- The Washington Times - Tuesday, August 5, 2008


When high school senior Natalie Ciappa nearly died of a heroin overdose Memorial Day weekend, she promised her parents she had learned her lesson and was going clean.

She got a job, met a guy and appeared to be getting better. She even was making her curfews again.

But on the first night of summer, Natalie went to a party and never came home.

The death of Natalie Ciappa, a Plainedge High School honors student with a singing voice her mother says was too good for “American Idol,” has confirmed what police, prosecutors and federal narcotics agents say has been a growing problem on Long Island: cheap, potent heroin available for sale in school hallways, malls, parks and just about anywhere young people congregate.
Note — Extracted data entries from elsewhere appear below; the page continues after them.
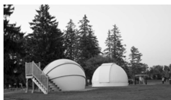
Cherry Springs Dark Sky Park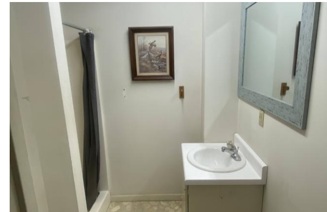
½ Bath With Shower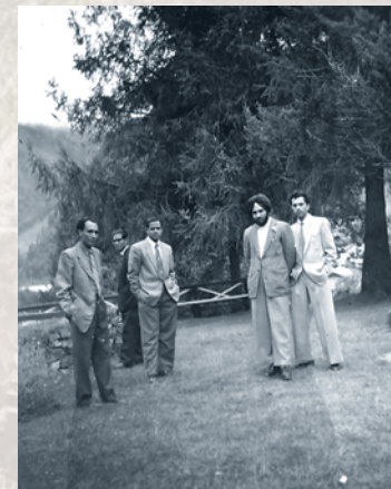
Indian officials posted in Yatung

In the early 1950s, the Chinese People's Liberation Army began occupying Gyantse and Yatung.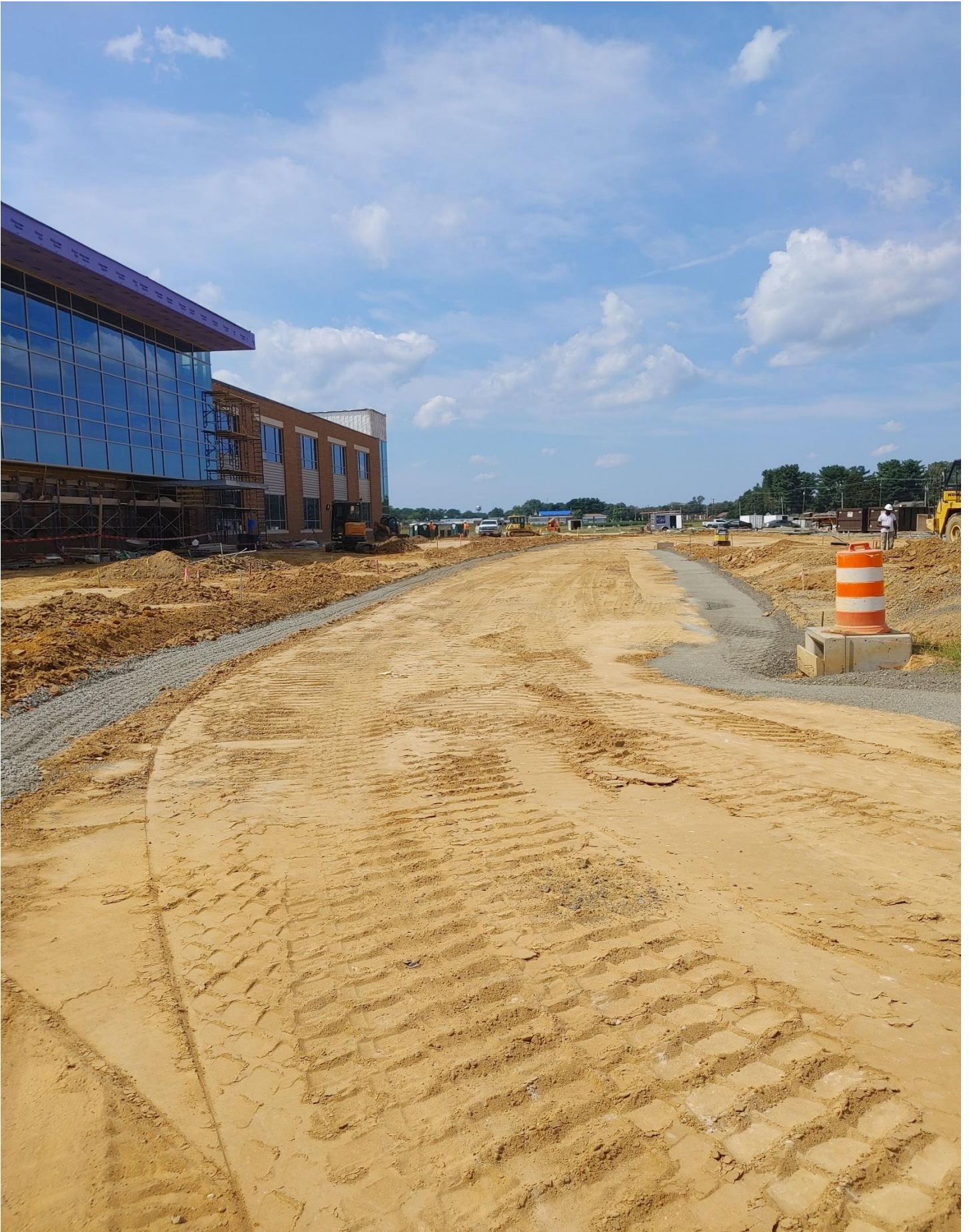
Photo 5 - Drive lane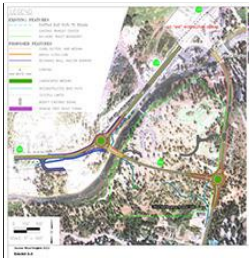
Examples of Alternatives Studied (Alt. 1)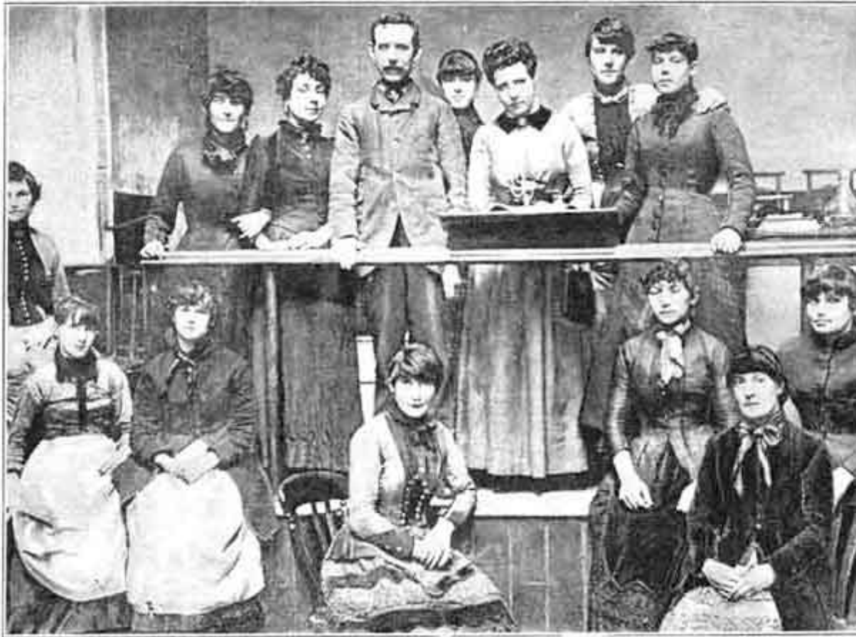
383. STRIKE COMMITTEE OF THE MATCHMAKERS' UNION.

384. The worst suffering of all was among the box-makers, thrown out of work by the strike, and they were hard to reach. Twopence-farthing per gross of boxes, and buy your own string and paste, is not wealth, but when the work went more rapid starvation came. Oh, those trudges through the lanes and alleys round Bethnal Green Junction late at night, when our day's work was over; children lying about on shavings, rags, anything; famine looking out of baby faces, out of women's eyes, out of the tremulous hands of men. Heart grew sick and eyes dim, and ever louder sounded the question, "Where is the cure for sorrow, what the way of rescue for the world?"

It is not a problem isolated on Long Island. Though the federal Drug Enforcement Administration says heroin use has remained fairly consistent across the country in recent years, the highly addictive narcotic goes through vicious phases when it becomes the trendy drug of choice among teenagers. For example, suburban Dallas is among the areas that have been combating heroin use by children as young as 8 for several years, officials say.

On Long Island, the scourge of the drug is exacerbated by the fact that dealers are preying on areas with heroin that costs virtually nothing. One heroin ring that included Natalie Ciappa’s ex-boyfriend was charged recently with selling the drug at the Hempstead bus terminal for as little as $5 a packet.

“Cigarettes are $6 a pack!” exclaimed Patricia Silverman, whose children all graduated from Plainedge High School. “My heart goes out to the parents. It’s just a national tragedy. This is supposed to be a beautiful community.”

Many teens using heroin snort the drug rather than inject it. “Unfortunately, because it can be snorted, kids think the stigma of being a drug addict is removed,” said John Gilbride, the DEA’s special agent in charge of the New York office. “There’s not the same stigma as when a hard-core drug user injects it.”

Lt. Peter Donohue, a veteran narcotics detective, subscribes to a “generational amnesia” theory. “The kids have been told about the detriment of using cocaine, alcohol or marijuana, but heroin was never [discussed] really; that’s something from a generation ago,” he said.